■ **WHAT IS NEEDED**:
Would you retype the listing below word for word, without any of its pictures?

■ **EXERCISE DATA**:
§ §
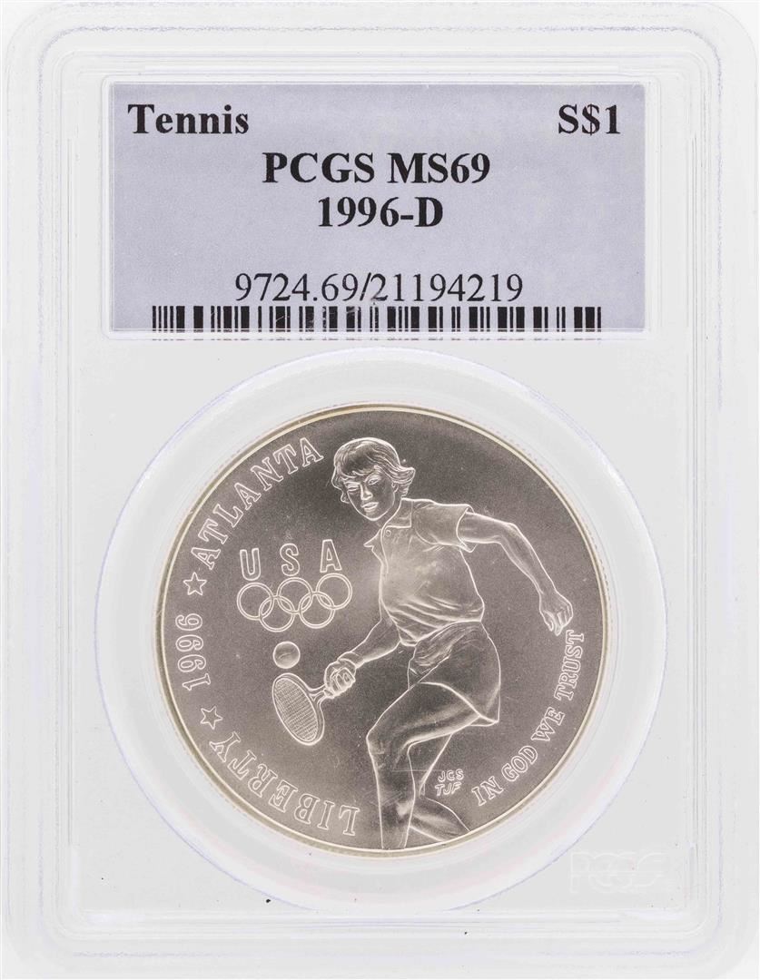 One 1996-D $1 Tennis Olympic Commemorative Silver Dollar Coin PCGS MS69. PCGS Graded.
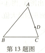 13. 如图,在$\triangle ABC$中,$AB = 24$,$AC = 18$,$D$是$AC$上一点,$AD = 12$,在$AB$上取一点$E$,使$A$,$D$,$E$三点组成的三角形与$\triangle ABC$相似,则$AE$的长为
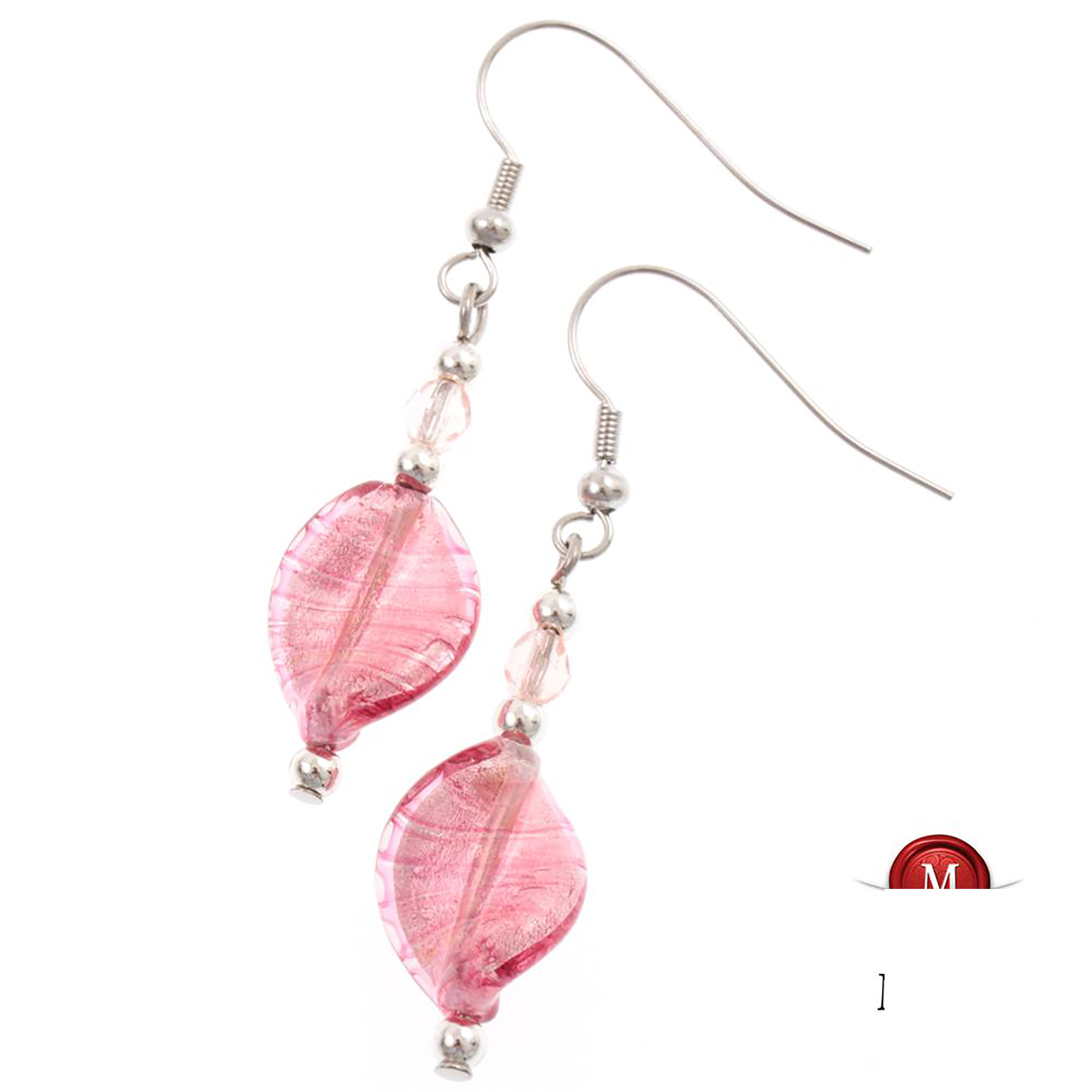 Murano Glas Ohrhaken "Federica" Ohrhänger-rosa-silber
§ §
■ **ANSWER SECTION**:
 One 1996-D $1 Tennis Olympic Commemorative Silver Dollar Coin PCGS MS69. PCGS Graded.
 13. 如图,在$\triangle ABC$中,$AB = 24$,$AC = 18$,$D$是$AC$上一点,$AD = 12$,在$AB$上取一点$E$,使$A$,$D$,$E$三点组成的三角形与$\triangle ABC$相似,则$AE$的长为
 Murano Glas Ohrhaken "Federica" Ohrhänger-rosa-silber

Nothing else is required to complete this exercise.